Я не робкого десятка и только рассмеялся бы, вздумай кто-либо заявить, что я испугался; но сейчас, сидя в одиночестве напротив этого портрета, в опустевшем здании, вдали от людей (соседние мастерские в этот вечер пустовали, а сторож ушел на праздник домой), я жалел, что не провожу сочельник в более приятной обстановке: несмотря на гудевший в камине огонь и сверкающее пламя газа, это сосредоточенное лицо и сверхъестественные глаза оказывали на меня странное воздействие.
Часы на башнях и шпилях друг за другом пробили последний час дня, эхом подхватывая замирающий рефрен, а я все сидел, как зачарованный, глядя на жутковатую картину и сжимая в руке потухшую трубку; странная слабость охватила меня.
Бездонно глубокие глаза пристальным и властным взглядом смотрели на меня с портрета; лишенные малейшей искры света, они словно вбирали в себя мою душу, а с нею силу и жизнь. Я недвижно полулежал в кресле, пока не утратил волю; сознание покинуло меня и пришел сон.
Картина оставалась на мольберте, но мне почудилось, будто женщина сошла с холста и плавными шагами стала приближаться ко мне; позади нее показался склеп, наполненный гробами — одни были закрыты, другие лежали или стояли открытыми; виднелось их ужасное содержимое в истлевших, испещренных пятнами саванах.
Я видел только ее голову и плечи в мрачных складках платья, обрамленные иссиня-черными тяжелыми волосами.
Женщина приблизилась ко мне, ее мертвенно-бледное лицо коснулось моего, холодные бескровные губы прижались к моим в долгом поцелуе, а мягкие черные волосы окутали меня, как облако, наполняя все тело чудесным трепетом и опьяняя восторгом наслаждения, лишавшим меня последних сил.

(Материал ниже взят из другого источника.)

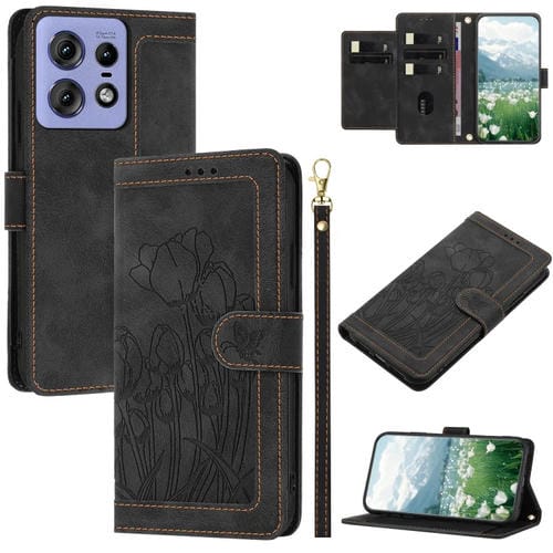 Funda de Cuero con Relieve de Tulipanes para Motorola Edge 50 Pro con Cordón (Negro)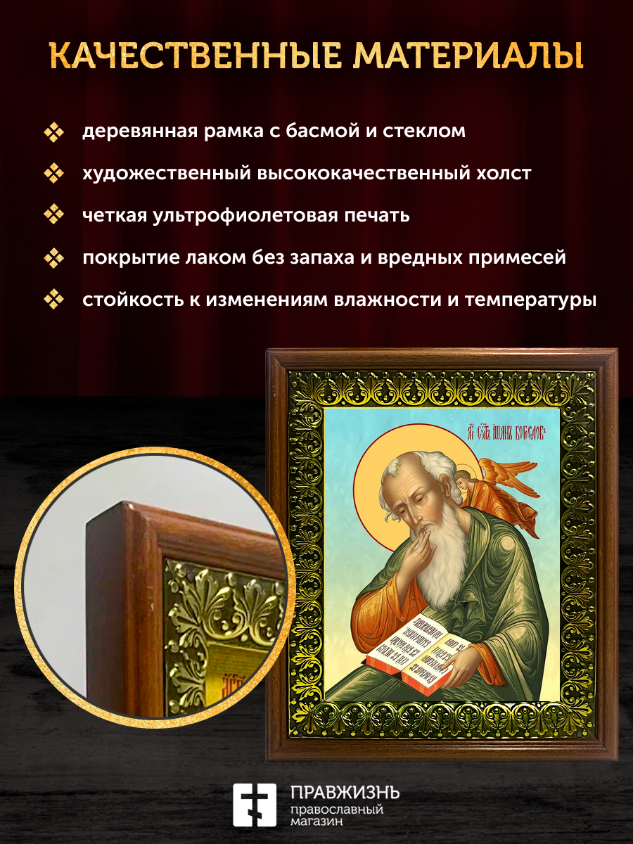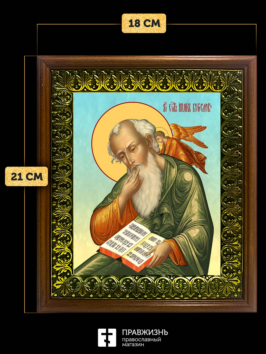 Икона Иоанн Богослов апостол и евангелист, деревянная рамка с басмой и стеклом 18х21х2,5 см 190
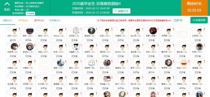 医学影像学院师生守初心、担使命,以高度的政治责任感,将线上网络教学活动作为当前防控疫情的重要工作,全面推进网络教学服务,多措并举,最大限度地减少了此次疫情对教学工作的影响,但网络教学实时督导、直接交流互动等固有弊端无法回避,医学影像学院全体师生将在学院总支和行政的带领下集聚智慧,不断创新,实时改进,砥砺前行,保质保量完成线上网络教学任务,以实际行动投入疫情防控工作中去。(医学影像学院董安定供稿)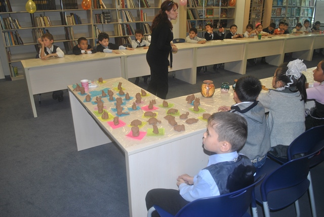 В читальном зале «Адолат» Национальной библиотеки для детей младшего школьного возраста совместно с арт-центром «Granart» 30 октября был проведен мастер-класс по лепке из натуральной красной глины под названием «Живая керамика». Цель проведение мастер-класса была развитие фантазии, пространственного мышления и мелкой моторики. В ходе мероприятия дети познакомилиь с глиной и лепили животных, рыб и птиц.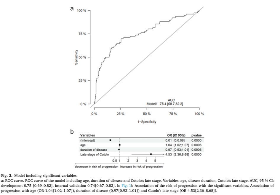 - Après avoir testé un modèle incluant toutes les variables potentielles permettant de prédire l’aggravation du patient, il s’avère que le modèle plus simple construit avec les seules variables statistiquement significatives dans le premier modèle (âge plus avancé, courte durée de la maladie, stade tardif de Cutolo) était aussi puissant pour prédire une progression sévère qu’un modèle utilisant tous les paramètres connus pour être prédictifs (respectivement ASC [95 %CI] 0,74[0,67–0,82] vs 0,73[0,64–0,77], Fig.1 correspondant à la Fig.3 de cet article en copie ci-dessous).

Она словно торопилась впитать мое дыхание, не даруя взамен ничего, становясь сильнее, пока я слабел, и мое тепло перетекало к ней, отдаваясь пульсом жизни.
Весь ужас близящейся смерти предстал передо мной, и я с отчаянным усилием оттолкнул ее и вскочил; потрясенный, я в первую минуту не понимал, где нахожусь, но затем сознание начало возвращаться ко мне и я, как безумный, стал озираться по сторонам.
Газ в лампе все еще ярко горел, в камине бушевало красное пламя. Часы на каминной полке показывали половину первого ночи.
Картина, как и прежде, стояла на мольберте, но присмотревшись, я увидел, что портрет изменился: на щеках женщины пятнами проступил румянец, глаза сверкали жизнью, чувственные губы налились и покраснели, и на нижней поблескивала капелька крови. В лихорадочном ужасе я схватил скребок и изрезал портрет вампира, затем выдрал из рамы изуродованные обрывки холста, бросил их в камин и с диким наслаждением стал смотреть, как они извиваются в пламени.
Та рама до сих пор у меня, но я еще не набрался храбрости написать подходящую для нее картину.